Jan 24, 2024 1 min read

Publishers hit back at Anthropic's claim that AI copyright cases should be filed in "its Silicon Valley backyard"

The group of music publishers behind a copyright infringement lawsuit against AI firm Anthropic have hit back at its claim that Tennessee is the wrong US state for pursuing the litigation. They point out that Anthropic has both employees and customers in the state

Publishers hit back at Anthropic's claim that AI copyright cases should be filed in "its Silicon Valley backyard"

Universal Music Publishing, Concord and ABKCO have responded to AI company Anthropic's attempt to have a copyright lawsuit they filed against it dismissed on jurisdiction grounds. Their lawsuit was filed in Tennessee, but Anthropic reckons any legal battle should be fought in its home state of California. "Anthropic claims that it is subject to jurisdiction only in its Silicon Valley backyard”, the publishers note in a new legal filing, “that is plainly wrong". 

They argue that Anthropic hires employees and signs up customers in Tennessee; specifically trains its chatbot Claude to ensure it knows about shopping options, tourist spots and dancing opportunities in the state; and even has Claude regurgitate copyright protected lyrics to Tennessean users.

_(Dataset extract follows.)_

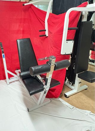 Banco de pesas para press de banca con asiento y respaldo acolchados. - Estructura metálica blanca. - Asiento y respaldo en polipiel negra. - Rodillos para piernas. - Ajustable en altura.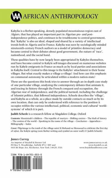 Kabylia is a Berber-speaking, densely populated mountainous region east of Algiers, that has played an important part in Algerian pre- and post-independence politics, and continues to be troublesome to central government. But 'Kabylia' is also an ideal, shaped and shared by a variety of intellectual trends both in Algeria and in France. Kabylia was seen by sociologically minded nineteenth-century French authors as a model of primitive democracy and became central to their debates about good government, the nature of 'race', nationhood, and the social bond. These qualities have by now largely been appropriated by Kabyles themselves, and have become central to Kabyle self-images discussed on numerous websites run by Kabyle emigrants in France as much as by local parties and associations in Kabylia itself. Central to this image is the Kabyles' attachment to their home villages. But what exactly makes a village a village? And how can this emphasis on communal autonomy be articulated within a modern nation-state? These are the questions this book tries to answer through an in-depth case study of one particular village, analysing the contemporary debates that animate it, and tracing its history through the French conquest and occupation, the Algerian war of independence, and the political turmoil, including the challenge of Islamist politics, that followed independence. The 'village', as much as Kabylia as a whole, emerges as a place made by its internal contradictions, and that can only be understood with reference to the position it occupies within the various intellectual, political, economic and cultural 'world-systems' of which it is part. JUDITH SCHEELE is a Research Fellow at Magdalen College, Oxford

Anthropic is accused of infringing the copyright in the publishers’ lyrics. First, by using them to train AI chatbot Claude without getting permission. And secondly, by having Claude spit out their lyrics in response to simple prompts. Anthropic argues that AI training is fair use, meaning no permission is required, and insists it has put safeguards in place to stop the publishers' lyrics appearing in messages generated by Claude. 

However, in its initial response to the publishers' lawsuit last November, the AI firm didn't dwell too much on copyright matters, instead arguing that Tennessee was the wrong jurisdiction for the litigation. The court, it said, should dismiss the lawsuit on that basis. Or transfer the case to California, where most of the other lawsuits testing the copyright obligations of AI companies have been filed. 

Having set out all of their objections to that request, the publishers new legal filing concludes “we respectfully request that the court deny Anthropic’s motion in full".